◆ **WHAT TO DO**: Hand back, word for word, the lines from the one containing "Ieder contactformulier heeft" to the end of the records, both included, and leave out pictures.

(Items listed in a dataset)

BEGIN

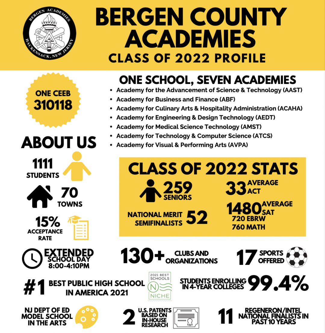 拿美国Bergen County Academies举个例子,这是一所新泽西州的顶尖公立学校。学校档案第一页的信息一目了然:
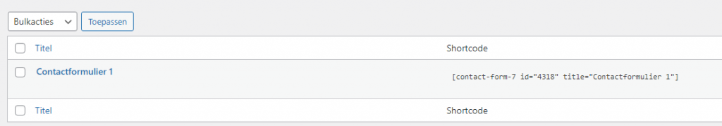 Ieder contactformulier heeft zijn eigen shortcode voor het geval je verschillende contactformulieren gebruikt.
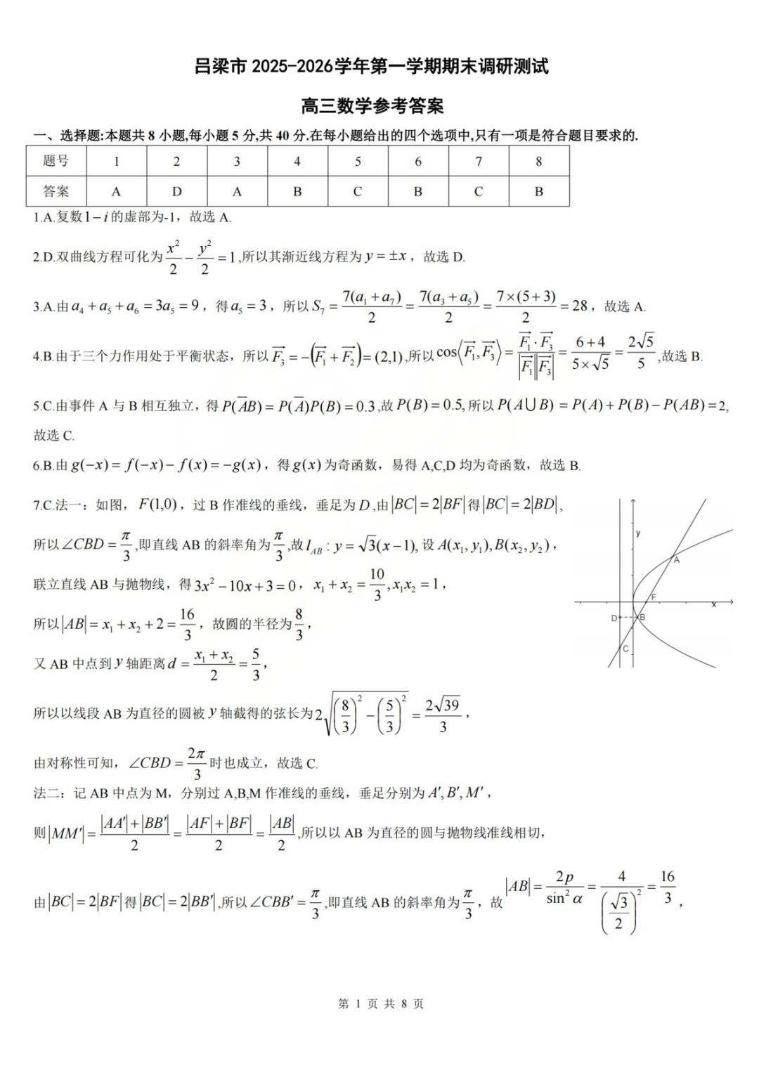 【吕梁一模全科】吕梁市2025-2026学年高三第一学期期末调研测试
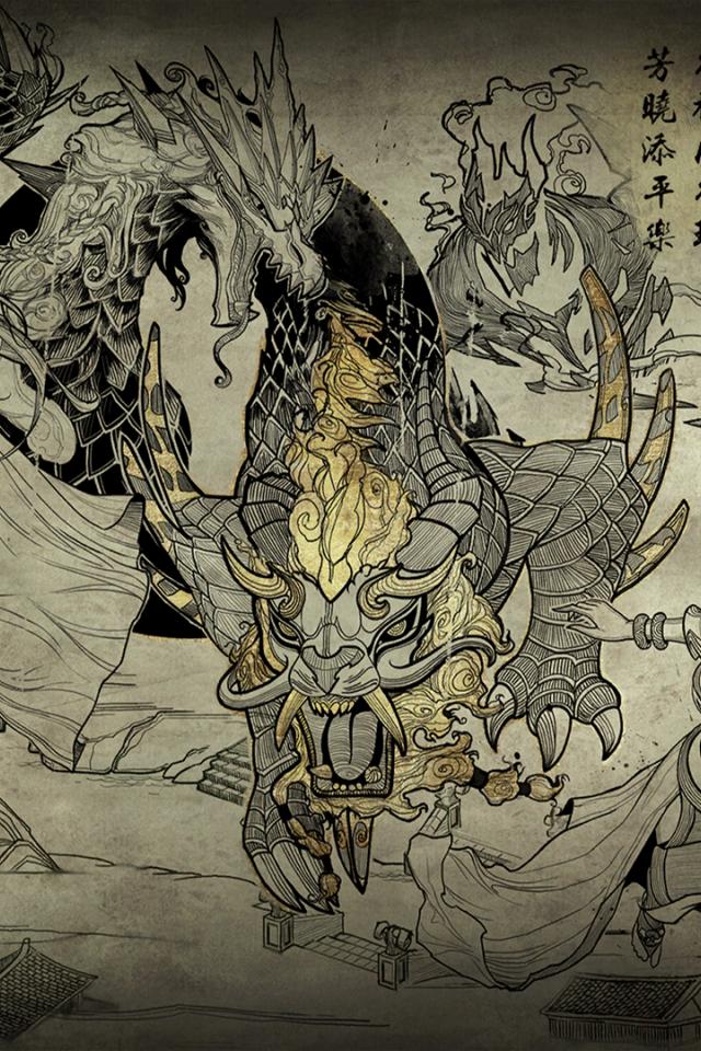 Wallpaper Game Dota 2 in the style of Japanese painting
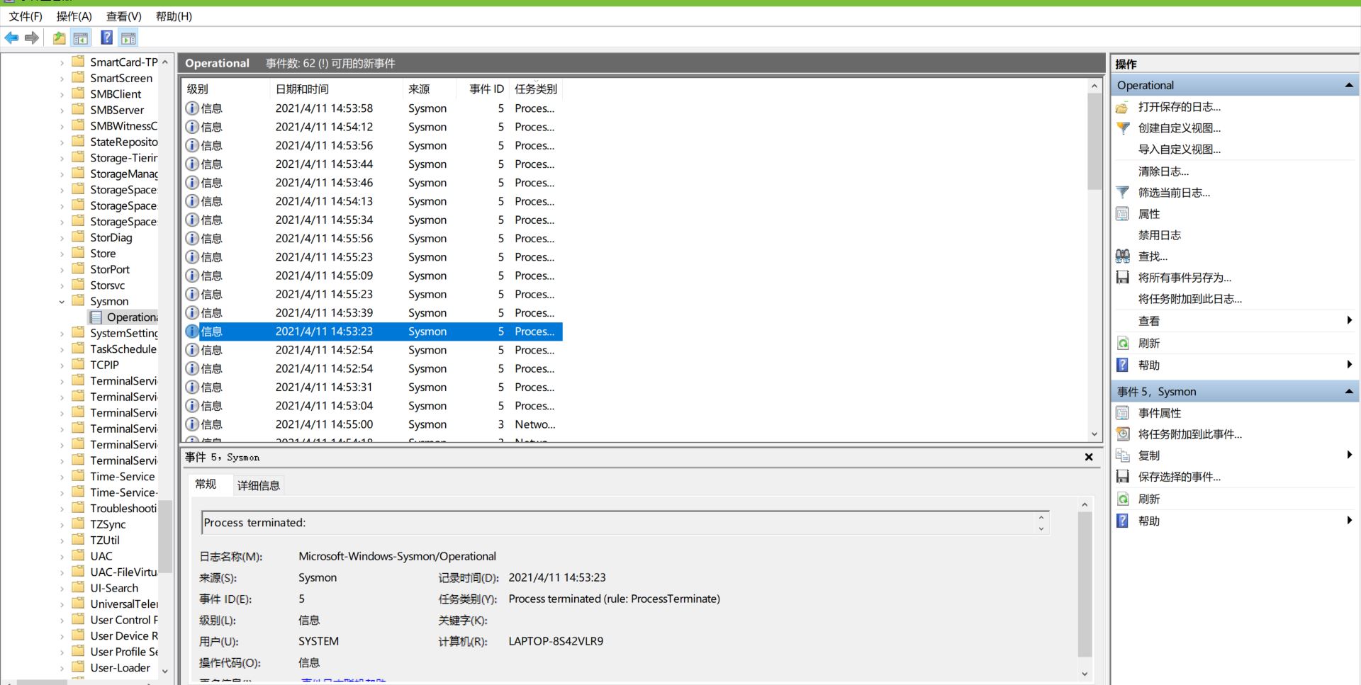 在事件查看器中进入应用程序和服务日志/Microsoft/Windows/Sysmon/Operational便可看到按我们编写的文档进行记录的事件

END

◆ **SOLVED EXERCISE**:
 Ieder contactformulier heeft zijn eigen shortcode voor het geval je verschillende contactformulieren gebruikt.
 【吕梁一模全科】吕梁市2025-2026学年高三第一学期期末调研测试
 Wallpaper Game Dota 2 in the style of Japanese painting
 在事件查看器中进入应用程序和服务日志/Microsoft/Windows/Sysmon/Operational便可看到按我们编写的文档进行记录的事件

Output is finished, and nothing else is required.